◆ **Instructions to follow**: Leaving all pictures out, output exactly and only the line containing "Für die gute" and the lines that follow it to the end of the material below.

◆ **Recorded data**:
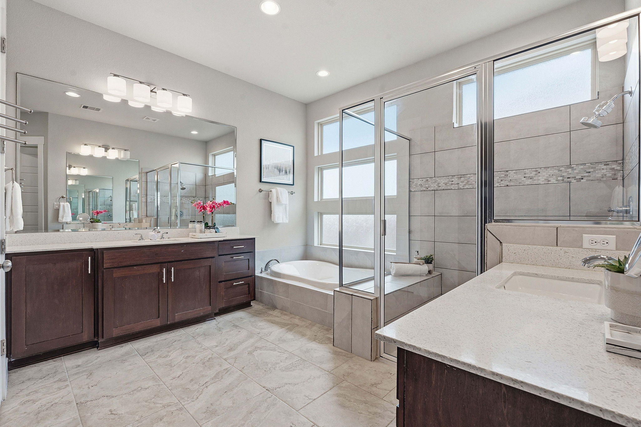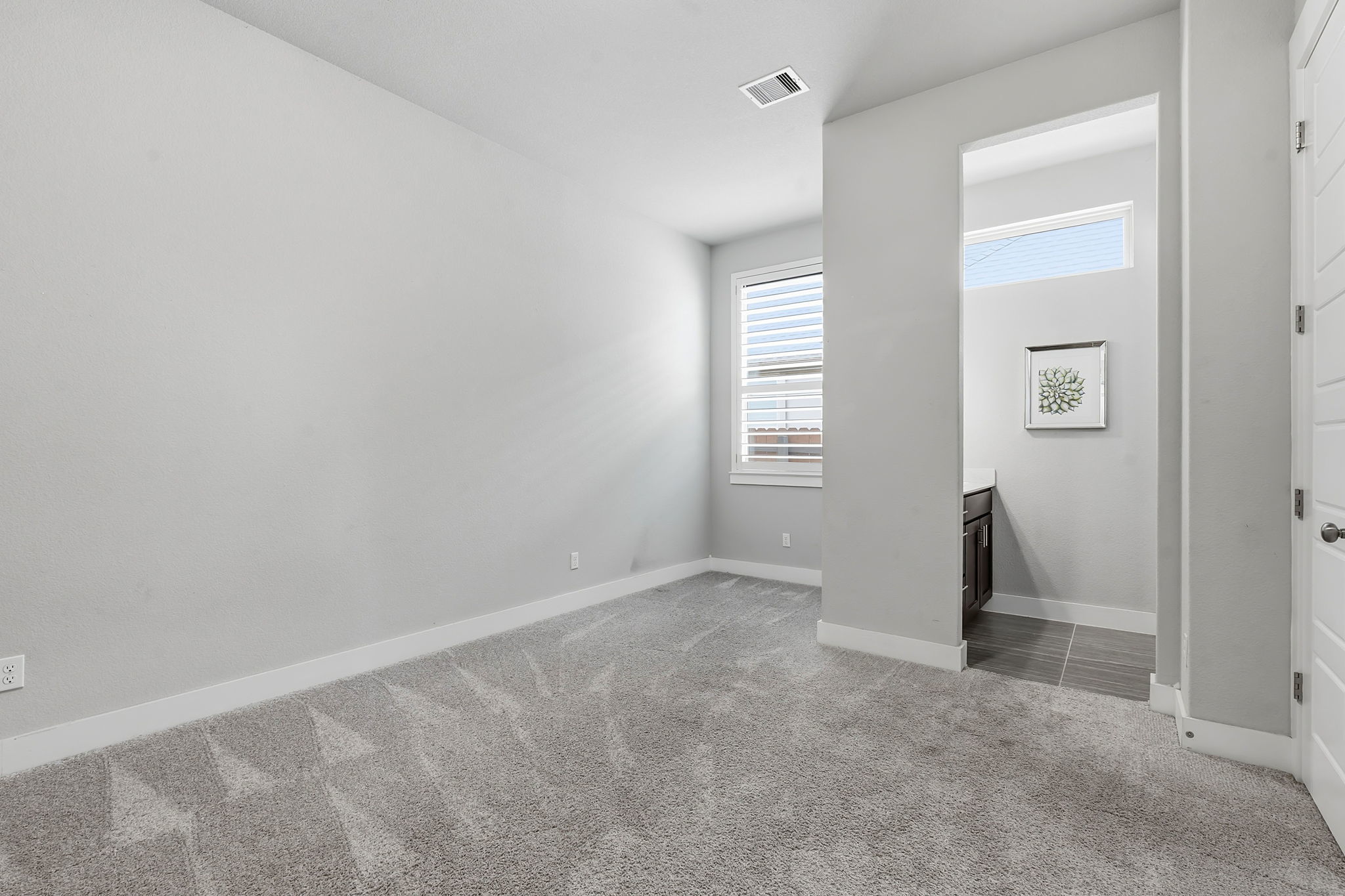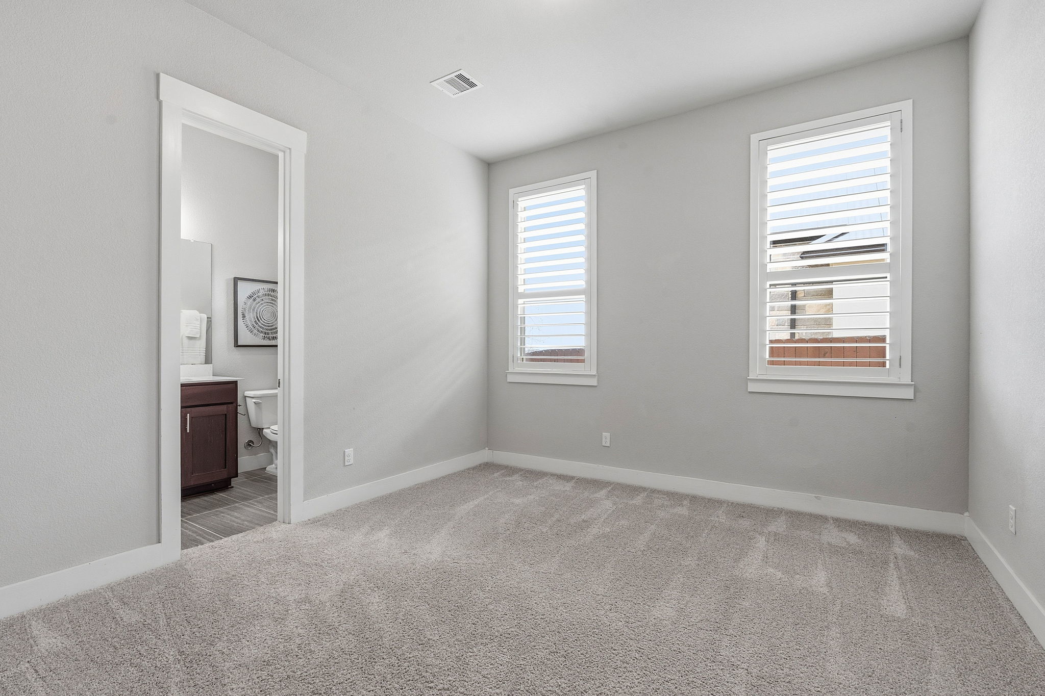 Welcome to this beautifully maintained 4-bedroom, 3.5-bath home with 3,337 square feet, built in 2016 and located on a quiet cul-de-sac in the newer west side of Belterra. Perched on a hill, the home enjoys pleasant views and refreshing breezes, creating a peaceful and comfortable setting. The open floor plan offers excellent flow for everyday living and entertaining, with a dedicated home office featuring a built-in bookcase and drawers. The spacious primary suite includes dual large walk-in closets, a soaking tub, walk-in shower, and dual vanity. A guest bedroom with walk-in closet and walk-in shower provides ideal accommodations for visitors, while bedrooms three and four share a convenient Jack-and-Jill bathroom. Step outside to a private backyard that backs to a greenbelt, offering added privacy and natural beauty. Garden enthusiasts will love the variety of fruit trees, including persimmon, jujube, pecan, plum, fig, Asian pear, peach, and guava, along with two raised beds ready for vegetable gardening. Additional highlights include a large laundry room, two HVAC systems for efficient climate control, and refrigerator, washer, and dryer included. Residents of Belterra enjoy exceptional HOA amenities, including a clubhouse, two swimming pools, fitness center, basketball courts, community events, and miles of scenic walking trails. The home is also within walking distance to Rooster Springs Elementary. This home offers the perfect combination of space, privacy, and community living. $207K assumable loan @ 2.25% interest rate.
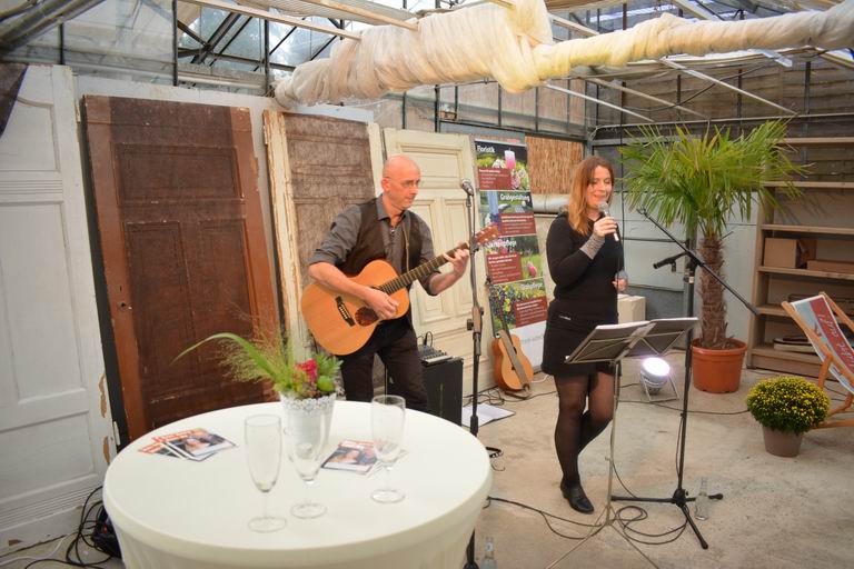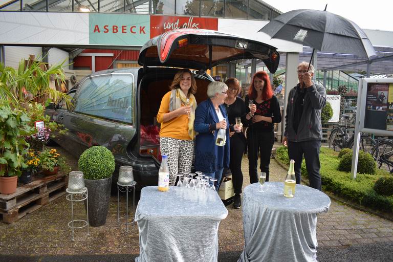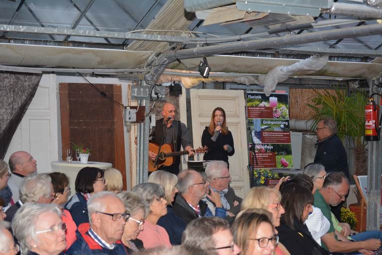 Für die gute Musik an dem Abend sorgte die Band „Easy come, easy go“, bestehend aus Vera Hoffmann und Christoph „Slidin'“ John. Die Zuschauer wurden begrüßt mit einem kleinen Drink, stilecht serviert aus einem Leichenwagen des Bestattungshauses Bertelt.
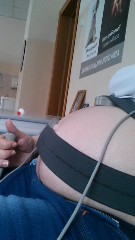 Врач мне - пошли на другой аппарат!Сажусь,опять сначала слева ищет - нету ничего на экране!Потом справа - слава Тебе,Господи,сб нашлось!!!Врач уходит,я сижу.Смотрю на монитор и кнопочку нажимаю когда шевелится малышка.Матка сегодня, как никогда раньше,приходила в тонус всё КТГ...Вроде все в норме,паника отошла немного!Сфоткалась на память,вот это мы)))

◆ **Solution**:
 Für die gute Musik an dem Abend sorgte die Band „Easy come, easy go“, bestehend aus Vera Hoffmann und Christoph „Slidin'“ John. Die Zuschauer wurden begrüßt mit einem kleinen Drink, stilecht serviert aus einem Leichenwagen des Bestattungshauses Bertelt.
 Врач мне - пошли на другой аппарат!Сажусь,опять сначала слева ищет - нету ничего на экране!Потом справа - слава Тебе,Господи,сб нашлось!!!Врач уходит,я сижу.Смотрю на монитор и кнопочку нажимаю когда шевелится малышка.Матка сегодня, как никогда раньше,приходила в тонус всё КТГ...Вроде все в норме,паника отошла немного!Сфоткалась на память,вот это мы)))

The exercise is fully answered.